In 1941, during World War II, the U.S. Department of War began to use the area as a Navy base. The Army used Rodman's Neck again in the 1950s during the Cold War, building a radar fire control center there. In 1959, the peninsula's operation was transferred to the NYPD who built the current firing range at the peninsula's southern tip. Early signs at the entrance said, "NYPD Pistol Range". In 1976, one NYPD Officer was killed and another was badly injured in The Pit when a bomb went off accidentally.

== NYPD firing range ==
A 54-acre police training facility is operated by the NYPD Firearms & Tactics Section and is used for handgun and rifle practice and qualification by the NYPD, the Federal Bureau of Investigation, Fire Department Fire Marshals, Correction Department, Immigration and Customs Enforcement, and training probationary police officers, as well as for antiterrorist, disorder control, Emergency Service Units, and Organized Crime Control Bureau training. The base has seven rifle ranges with a 230 total firing points for trainees. The base has a school with lecture hall and seven classrooms with instructors. The base also has a training area designed to look like a city neighborhood for practical training exercises. It has one of the world's largest police armories and a firearms machine shop for maintenance and experimental weapons development.

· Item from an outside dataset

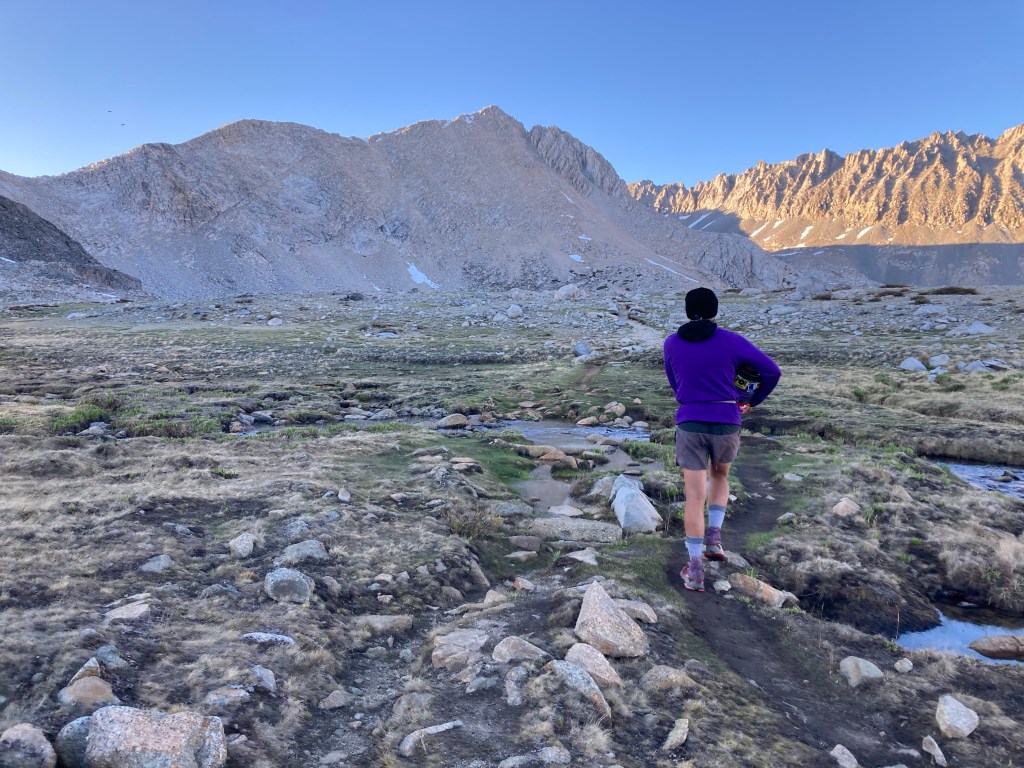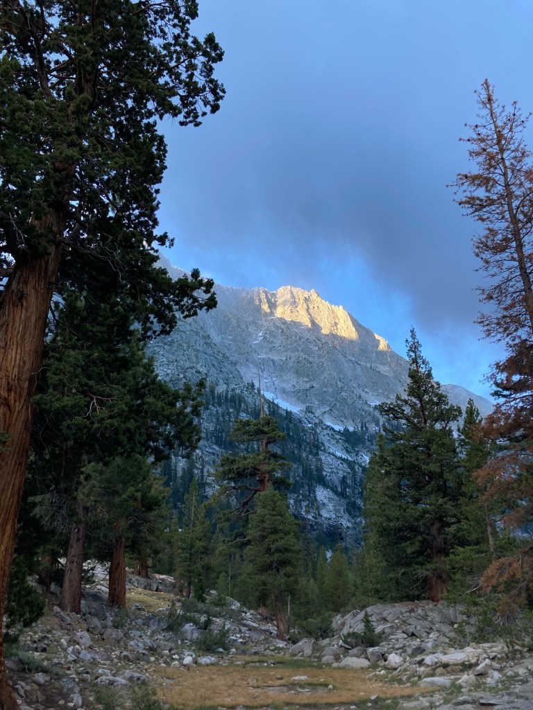 It’s warm when I wake up, which is a pleasant surprise. It’s also 3:45, which is less pleasant. I groan and get out of my tent to pee, then have to re-inflate my air mattress before I sleep for another hour and fifteen minutes. I snooze my alarm and wake up for real when I look over and Jumbo’s tent is gone. I hear him packing up and panic. Ah, shit. At least I slept really well. So far the Sierras have been helping me out with that at least.

The grounds include mock buildings called Urban Training Center/Tactical Village and Tactics House used for urban training scenarios, and a FireArms Training Simulator building including an interactive video simulator that was all paid for by the Federal Bureau of Investigation. There is also a specially equipped vehicle armed for disorder control nicknamed "The War Wagon" in case of rioting. The base was used during the 1960s by the National Guard to train riot troops and was an emergency base of operations during the September 11, 2001 attacks. This area is restricted for police and military use only. The area is also used for destroying unexploded bombs. Many bombs have been detonated since 1930, including ones made by George Metesky, the Weathermen, the Black Panthers, the Animal Liberation Front, al-Qaeda, and serial bomber Cesar Sayoc. These explosives are always detonated at the southernmost point that juts out into Eastchester Bay in a crater called "The Pit". Around July 2 every year, impressive impromptu volcanic displays are put on as seized illegal fireworks are destroyed.

The range was intended as a temporary facility, according to the plans laid out by Robert Moses and Mayors Robert F. Wagner, Jr., John Lindsay, and Abraham D. Beame. However, Mayor Ed Koch favored it becoming permanent. The range was previously part of Pelham Bay Park. In the late 1980s, Governor Mario Cuomo signed an eminent domain law separating this land from the park and giving the NYPD the right to stay permanently. The range was to have been converted into the Olympic Firing Range for the unsuccessful New York City 2012 Olympic bid.

A widely used paper target figure officially known as "Advanced Silhouette SP-83A" or target "B-60" may have been developed in the early 1960s as a likeness of Sergeant Fred V. Worell, an instructor at the range. The target is colloquially known as "The Thug".

In April 2007, the NYPD announced that all gun practice would move to a new indoors facility in College Point, Queens. Due to shortages in funding, the move was canceled and it was deemed cheaper to renovate Rodman's Neck for $275 million. In February 2024, the NYPD decided to proceed with plans to build an indoor firing range at Rodman's Neck.